Task description ->
Print every line from the start of the data, and when you reach the line with "Falda larga satinada", include it and stop. Pictures are not part of the copy.

Extracted records:
== Segment start ==

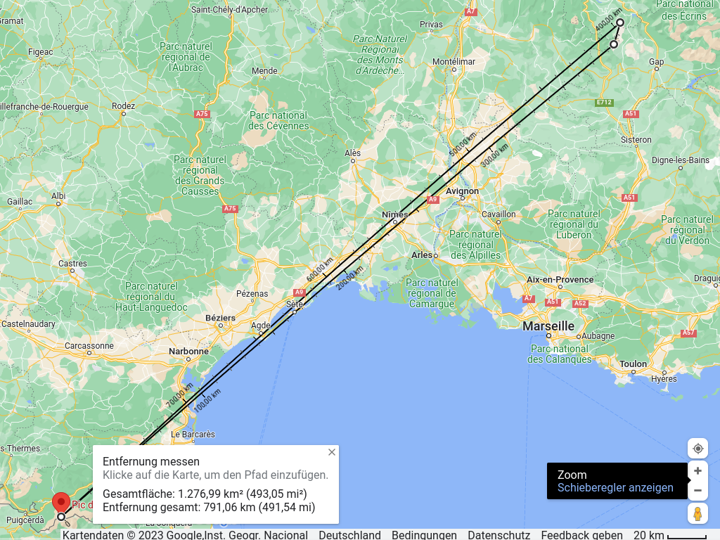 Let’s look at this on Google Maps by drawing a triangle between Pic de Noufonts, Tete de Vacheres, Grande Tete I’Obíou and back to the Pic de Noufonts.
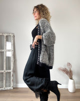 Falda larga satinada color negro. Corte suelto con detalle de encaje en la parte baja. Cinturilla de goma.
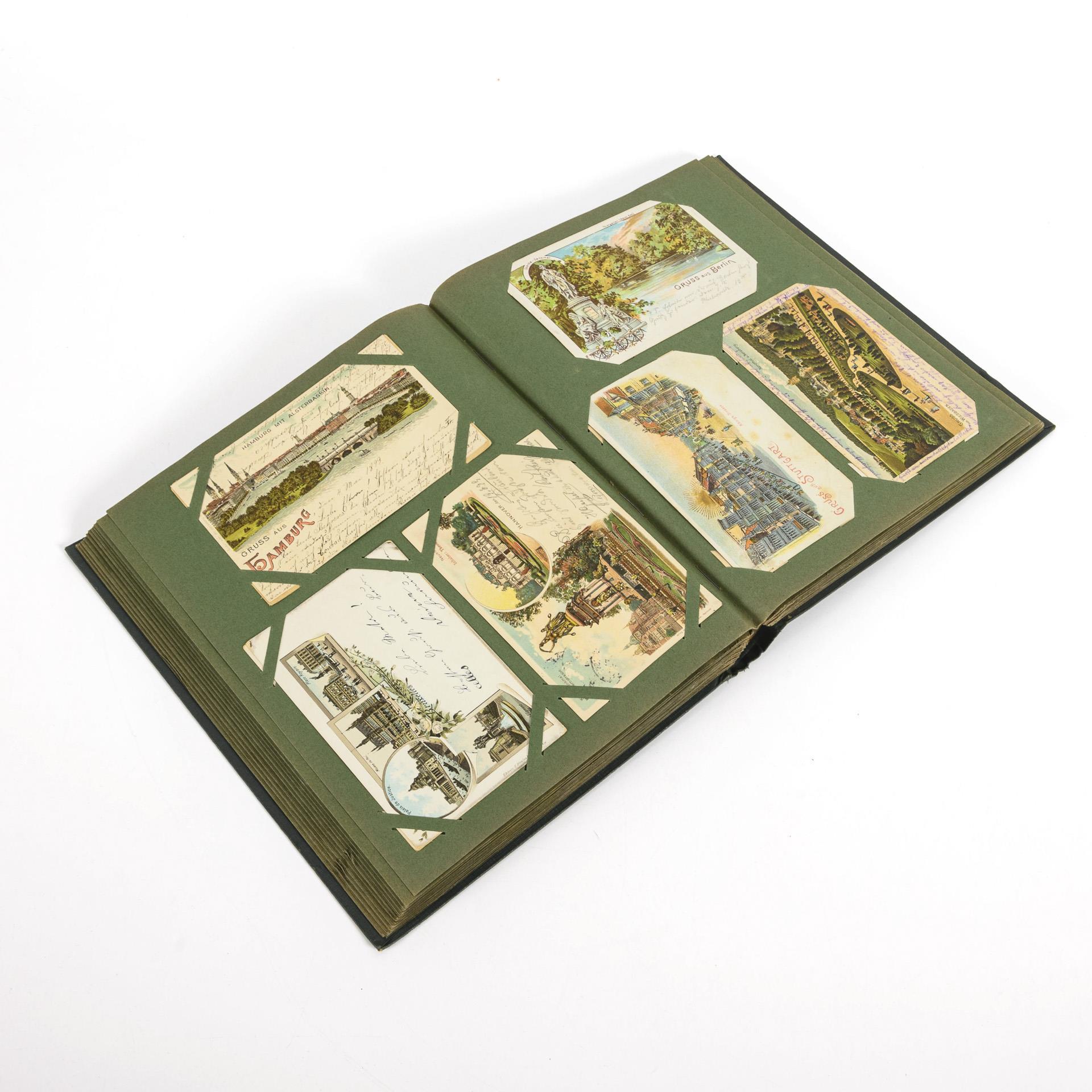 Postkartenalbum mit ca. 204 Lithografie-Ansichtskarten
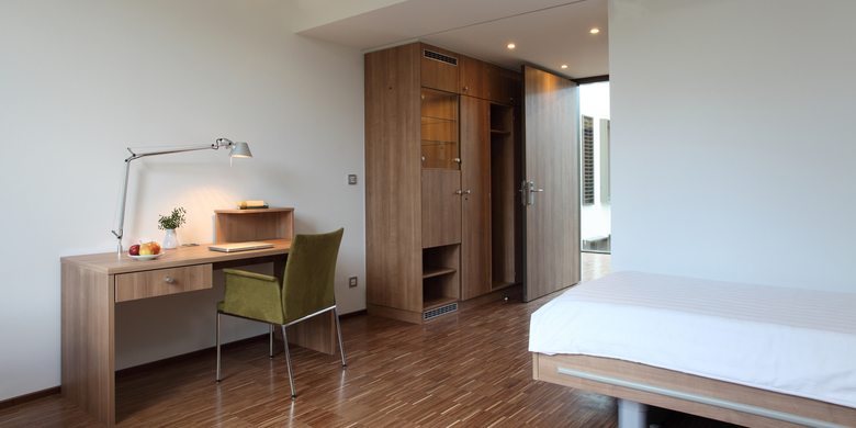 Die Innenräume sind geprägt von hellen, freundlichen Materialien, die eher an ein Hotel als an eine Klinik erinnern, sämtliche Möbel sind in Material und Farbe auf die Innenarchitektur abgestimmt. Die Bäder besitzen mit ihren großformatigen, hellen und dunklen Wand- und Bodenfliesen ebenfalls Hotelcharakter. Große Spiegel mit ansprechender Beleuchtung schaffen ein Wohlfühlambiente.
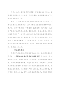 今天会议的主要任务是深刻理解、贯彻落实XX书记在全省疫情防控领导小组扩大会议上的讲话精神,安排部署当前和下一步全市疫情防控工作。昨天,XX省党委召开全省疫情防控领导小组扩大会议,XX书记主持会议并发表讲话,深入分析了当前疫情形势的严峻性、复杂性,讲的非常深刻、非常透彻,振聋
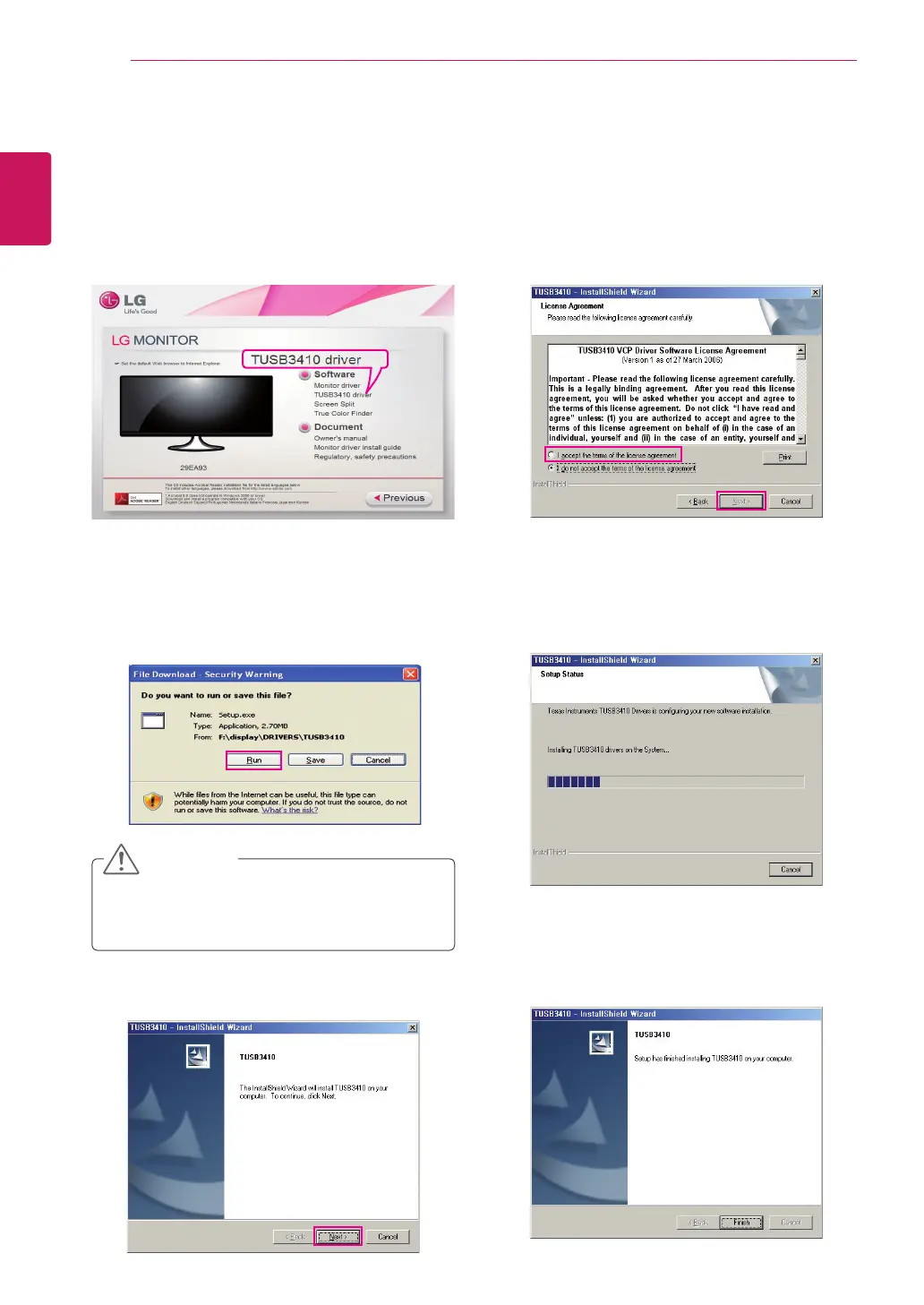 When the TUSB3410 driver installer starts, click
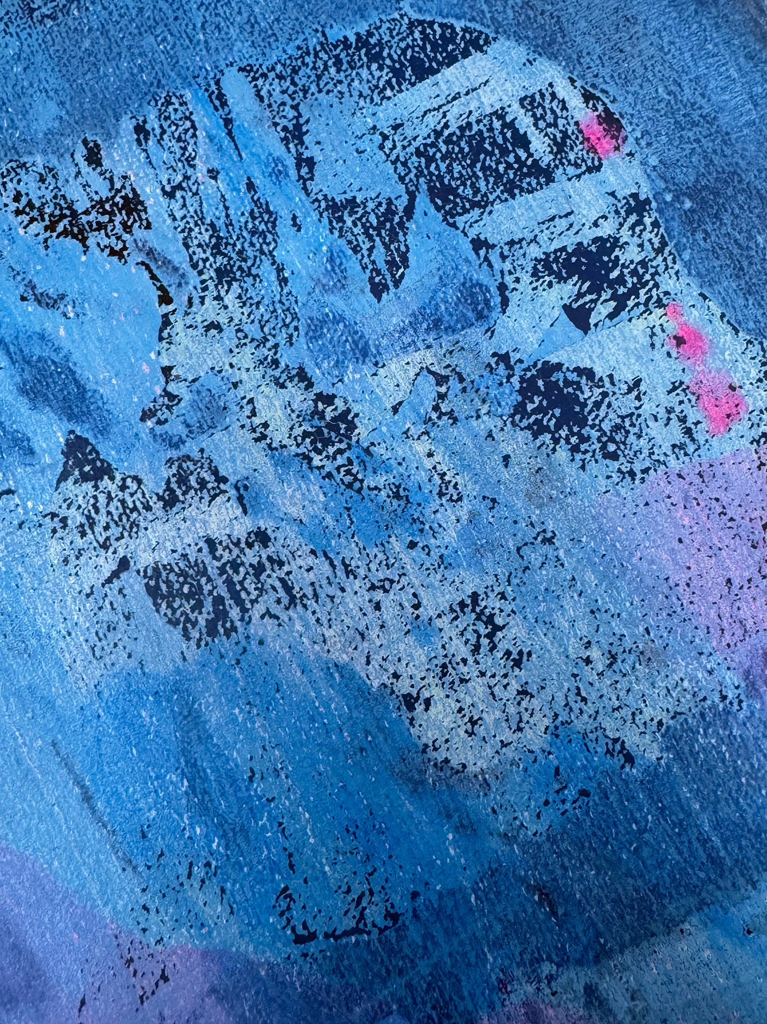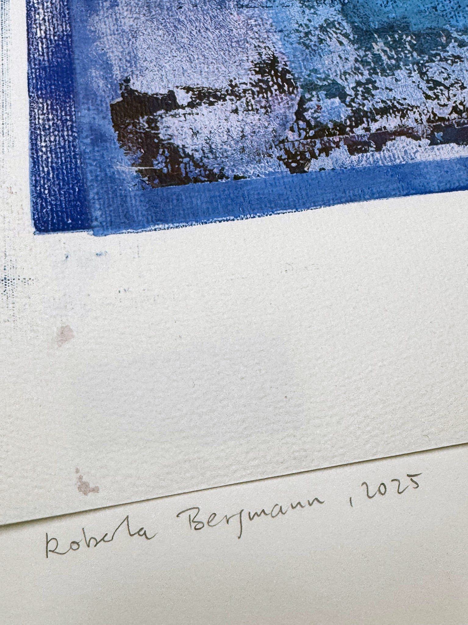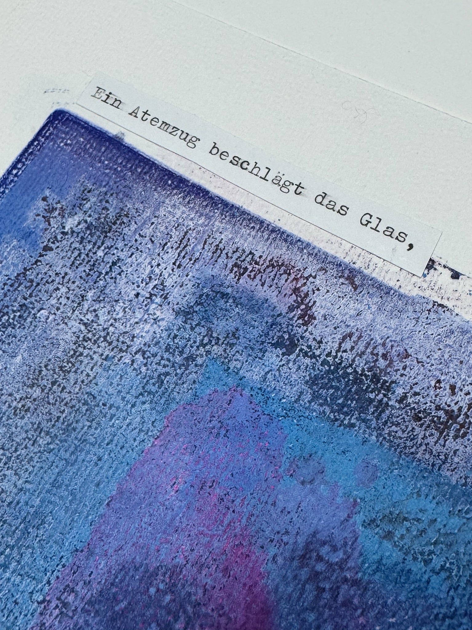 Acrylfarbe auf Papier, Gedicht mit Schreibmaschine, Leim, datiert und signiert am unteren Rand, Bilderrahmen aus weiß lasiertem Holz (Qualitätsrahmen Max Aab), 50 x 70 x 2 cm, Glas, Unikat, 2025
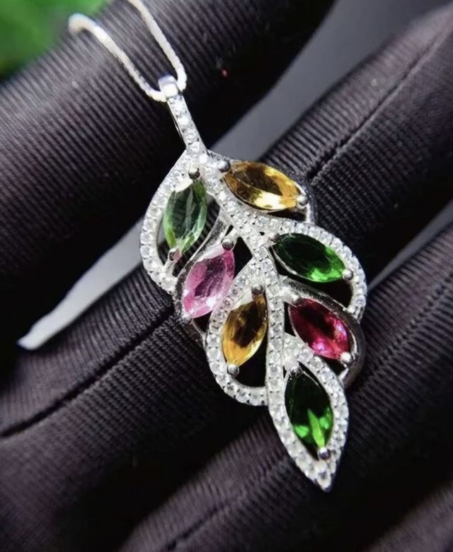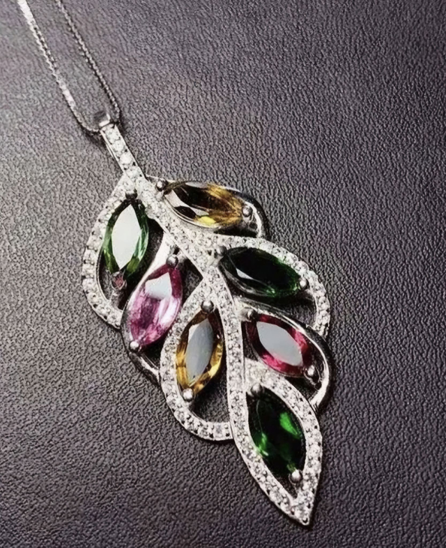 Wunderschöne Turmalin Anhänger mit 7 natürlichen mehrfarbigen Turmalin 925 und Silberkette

== Segment end ==

Answer section ->
 Let’s look at this on Google Maps by drawing a triangle between Pic de Noufonts, Tete de Vacheres, Grande Tete I’Obíou and back to the Pic de Noufonts.
 Falda larga satinada color negro. Corte suelto con detalle de encaje en la parte baja. Cinturilla de goma.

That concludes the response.